3.1.5.3. IaC in CI/CD: Plan-and-Approve, Testing, and Self-Service
3.1.5.3. IaC in CI/CD: Plan-and-Approve, Testing, and Self-Service
Having IaC tools is the first step; integrating them safely into CI/CD pipelines — with plan-and-approve workflows, testing, and self-service — is where the real value emerges.
IaC integration with CI/CD pipelines requires specific patterns for safety and reliability. Terraform production pipelines should never use -auto-approve — a plan showing "destroy 3 resources" would execute immediately without review. The plan-and-approve workflow saves the plan file, posts output for review, and applies only the approved plan. az deployment group what-if provides similar pre-deployment validation for Bicep, revealing drift between template desired state and actual Azure state. Azure Deployment Environments enable developer self-service: platform teams define IaC templates in a catalog, developers create environments without needing ARM/Bicep knowledge or subscription permissions. Bicep testing layers include linting (syntax), parameter validation (module inputs/outputs without deployment), what-if (preview against real subscription), and integration testing (deploy to test subscription and verify). Parameter validation is the cheapest and fastest layer.
Content for Automation of testing - see flashcards and questions for this subsection.
The Terraform plan-apply pattern in CI/CD separates intent from execution. terraform plan -out=tfplan generates a plan file showing exactly what will change. The plan output can be posted as a PR comment for team review, attached as a pipeline artifact, or sent to a Slack channel for visibility. terraform apply tfplan then executes only the approved changes — no surprise resource deletions.
For Bicep, az deployment group what-if serves the same preview purpose. The what-if output categorizes changes as Create, Modify, Delete, or No Change, making it easy to spot unintended modifications. Drift detection — where manual portal changes conflict with IaC definitions — shows up as modifications the deployment would make to "correct" the drift.

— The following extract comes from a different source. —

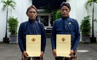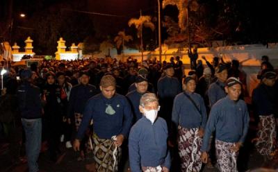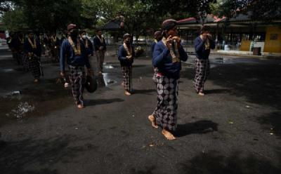 BANTUL - Abdi Dalem Keraton Yogyakarta berdoa saat prosesi adat Labuhan di Pantai Parangkusumo, Bantul, D.I Yogyakarta, Kamis (30/1/2025). Acara adat yang digelar setiap tanggal 30 bulan Rajab pada kalender Jawa tersebut dalam rangka memperingati bertahtanya Raja Keraton Yogyakarta Sri Sultan HB X.

Azure Deployment Environments automate environment provisioning for developer self-service. Platform engineers define environment templates (Bicep or Terraform) in a GitHub catalog. Developers create environments through the developer portal or CLI without needing Azure subscription access or IaC knowledge. Environments can auto-expire after a configurable period, preventing cost accumulation from abandoned test environments.

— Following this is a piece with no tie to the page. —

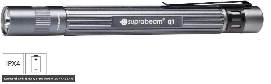 Kapesní svítilna Suprabeam Q1 nabízí světelný výkon 40 nebo 160 lumenů, kompaktní rozměry a jednoduché ovládání, což oceníte při každodenním použití i na cestách.

Bicep testing follows a cost-efficiency pyramid: linting (free, instant), parameter validation (free, seconds), what-if (requires subscription, seconds), integration testing (requires deployment, minutes). Run cheaper tests first; only invest in real deployments for critical modules. PSRule for Azure adds policy-as-code validation that catches Azure best practice violations before deployment.
Environment-specific variable management in IaC pipelines uses parameter files per environment. Bicep: main.bicepparam with environment-specific values. Terraform: dev.tfvars, staging.tfvars, prod.tfvars. The pipeline template selects the appropriate file based on the target environment, ensuring infrastructure configuration differs only in explicitly declared parameters — not in template logic.

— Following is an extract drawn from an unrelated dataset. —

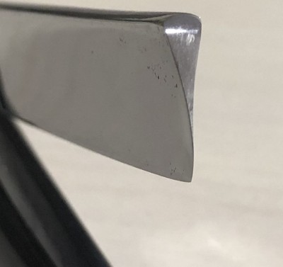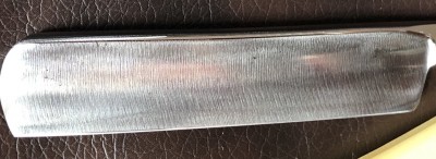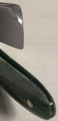 Итак,SUZUMASA 888.(寿々正 = Suzu Masa). Ширина полотна-21 мм Толщина обушка-6.3 мм Углеродистая, по всей видимости шведская сталь. Форма лезвия-фреймбэк. Время производства-50-60-е годы. Клинок имеет малозначительные и практически незаметные следы пользования. Разобрал бритву, немного почистил район осевого пина и обушок и снова собрал, сохранив родные пины. Заводская шлифовка и полировка полотна.Сталь чистая, с элементами благородной , старинной патины.Идеальная геометрия:кромочка равномерна по всей длине и еле заметна.Тяжёлая, мощная и красивая бритва будет отличным вариантом для тех, кто имеет желание попробовать подобную форму лезвия.Заточена и готова к бритью. Цена-6500 р с доставкой. Внимание! Важная информация! Spoiler Show

Policy-as-code with Azure Policy validates IaC outputs against organizational standards. Deny policies prevent non-compliant resources (public storage accounts, unencrypted databases). Audit policies flag non-compliance for remediation. DeployIfNotExists policies automatically add missing components (diagnostic settings, backup configurations). When combined with IaC pipelines, policy-as-code creates a dual enforcement model: IaC defines what should exist, policy validates it meets standards.
Terraform workspaces within a single backend allow managing multiple environments with the same configuration but different state. However, workspace-per-environment creates coupling: a template change tested in dev's workspace uses the same configuration that prod's workspace will consume. Many teams prefer directory-per-environment for stronger isolation, accepting the duplication trade-off.
Infrastructure testing follows a similar pyramid to application testing. Linting and validation are fast, cheap, and catch syntax errors. What-if comparisons are medium-cost and catch logical errors. Full deployment testing is expensive but catches real-world provisioning failures that static analysis cannot detect.
Destroy protection prevents accidental infrastructure deletion. Terraform's prevent_destroy lifecycle rule blocks terraform destroy on critical resources. Bicep deployments in complete mode delete resources not in the template — always use incremental mode for production and restrict complete mode to dedicated cleanup pipelines.